* [PATCH] http: handle absolute-path alternates from server root
@ 2026-05-12 16:26 Jeff King
2026-05-13 1:10 ` Junio C Hamano
0 siblings, 1 reply; 5+ messages in thread
From: Jeff King @ 2026-05-12 16:26 UTC (permalink / raw)
To: git; +Cc: slonkazoid
When a dumb http server reports alternates with an absolute path, we try
to paste that onto the root of the URL we're trying to fetch from. So if
we go to "http://example.com/path/to/child.git" and it tells us about an
alternate at "/parent.git", we'll hit "http://example.com/parent.git".

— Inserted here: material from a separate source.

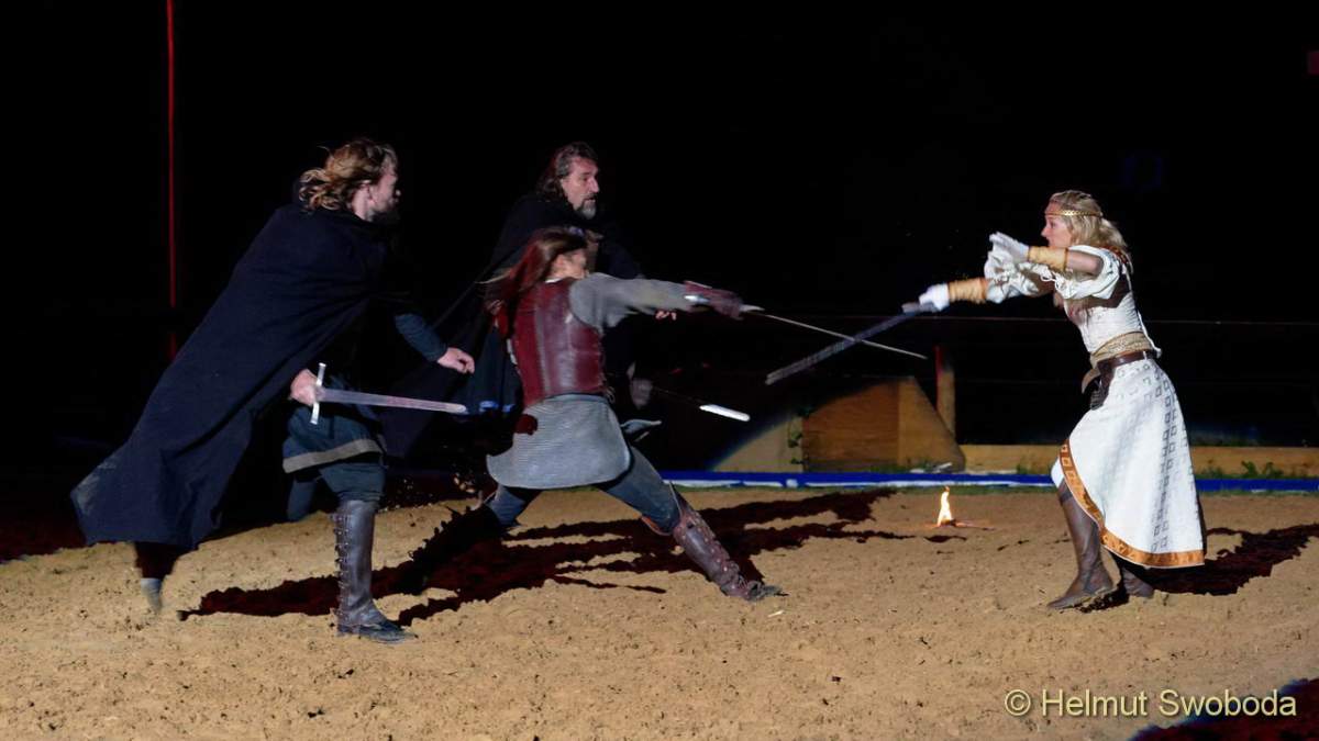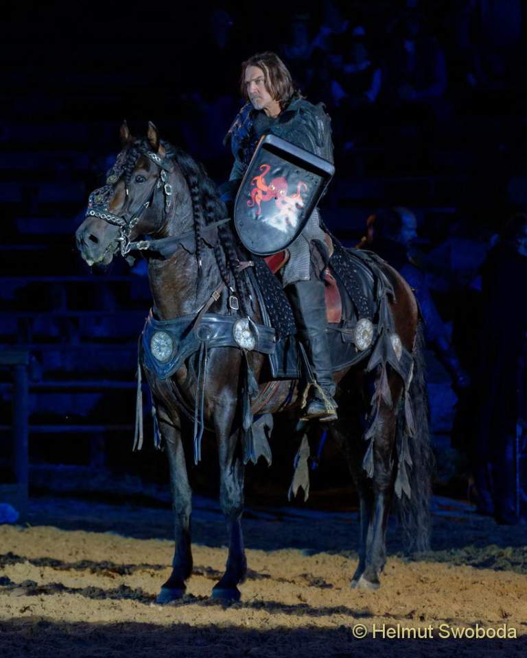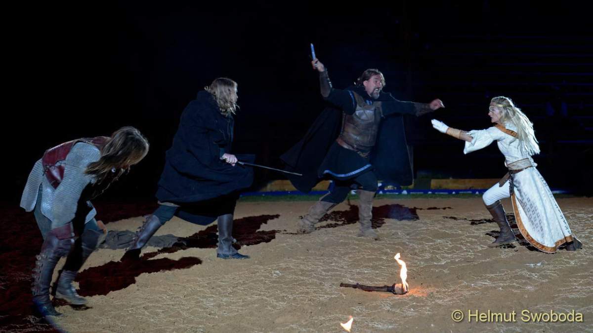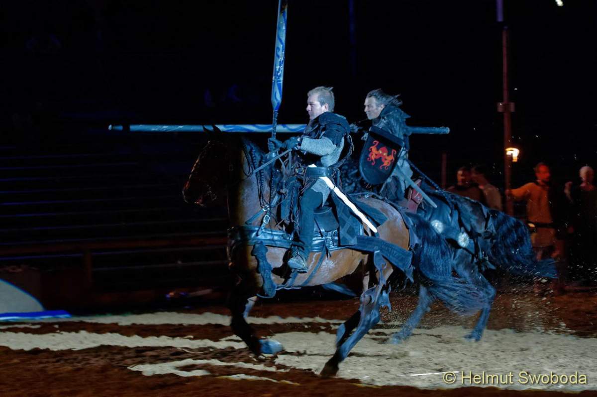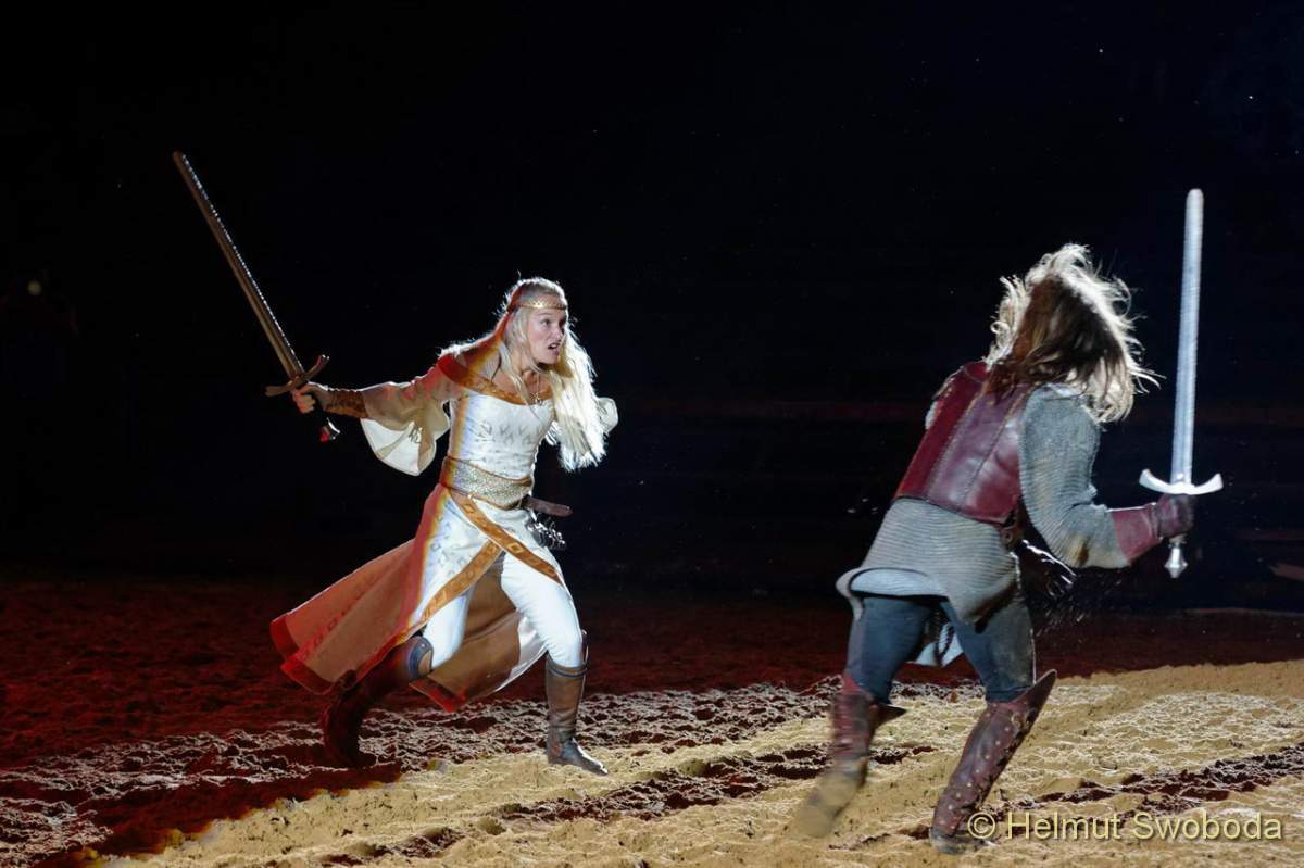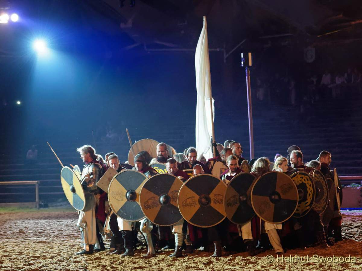 Die große Arena-Show ist der emotionale Höhepunkt eines jeden Turniertages. Tausende Zuschauer versammeln sich auf den Rängen, in den Logen oder auf den schattigen Plätzen unter dem Dach der Westtribüne, um für mehr als zwei Stunden einem Spektakel beizuwohnen, wie es das in Deutschland kein zweites Mal gibt. Mehr als 100 Darsteller sind nötig, um die Geschichte zu inszenieren, die eine emotionale Achterbahnfahrt verspricht. Mal gibt es Schockmomente, wenn mittels Pyrotechnik für überraschende Knalleffekte gesorgt wird. Mal herrscht bange Anspannung, wenn das Schlachtglück in der Arena auf der Kippe steht. Es gibt Momente der Trauer, wenn einer der Helden gefallen oder ihm ein Unglück wiederfahren ist. Und dann wieder gibt es Momente, in denen es niemanden mehr auf den Sitzen hält. Dann steht die ganze Arena, um zu sehen, was auf dem Turnierplatz vor sich geht.

But there's a bug in computing the base when the URL does not have any
path component at all, like "http://example.com". When looking for the
first slash after the host, strchr() returns NULL, and we compute a
nonsense value for the length of the host portion. And then when we use
that length to copy the base of the URL into a strbuf, we're likely to
fail.
The security implications are minimal here. We store the nonsense length
("serverlen") as an int, so on a 64-bit system it may effectively be
anything (it is zero minus a 64-bit heap pointer, then truncated to
32-bits and stuffed into a signed value). When we feed that length to
strbuf_add(), it is cast into a size_t and one of four things will
happen:
1. If serverlen was negative, it will turn into a very large positive
value and strbuf_add() will fail to allocate, ending the program.
Ditto if serverlen was positive but just very large.
This doesn't really get an attacker anything; the victim will just
fail to clone their evil repo.
2. If serverlen was small enough, we'll successfully extend the target
strbuf, and then copy an arbitrary set of bytes from "base". And
then one of these is true:
a. That set of bytes is much larger than the length of the "base"
string. This is an out-of-bounds read, but there's no
out-of-bounds write, since the strbuf code both allocates and
copies using the same size_t. This is likely to cause a
segfault as we try to read unmapped pages of memory.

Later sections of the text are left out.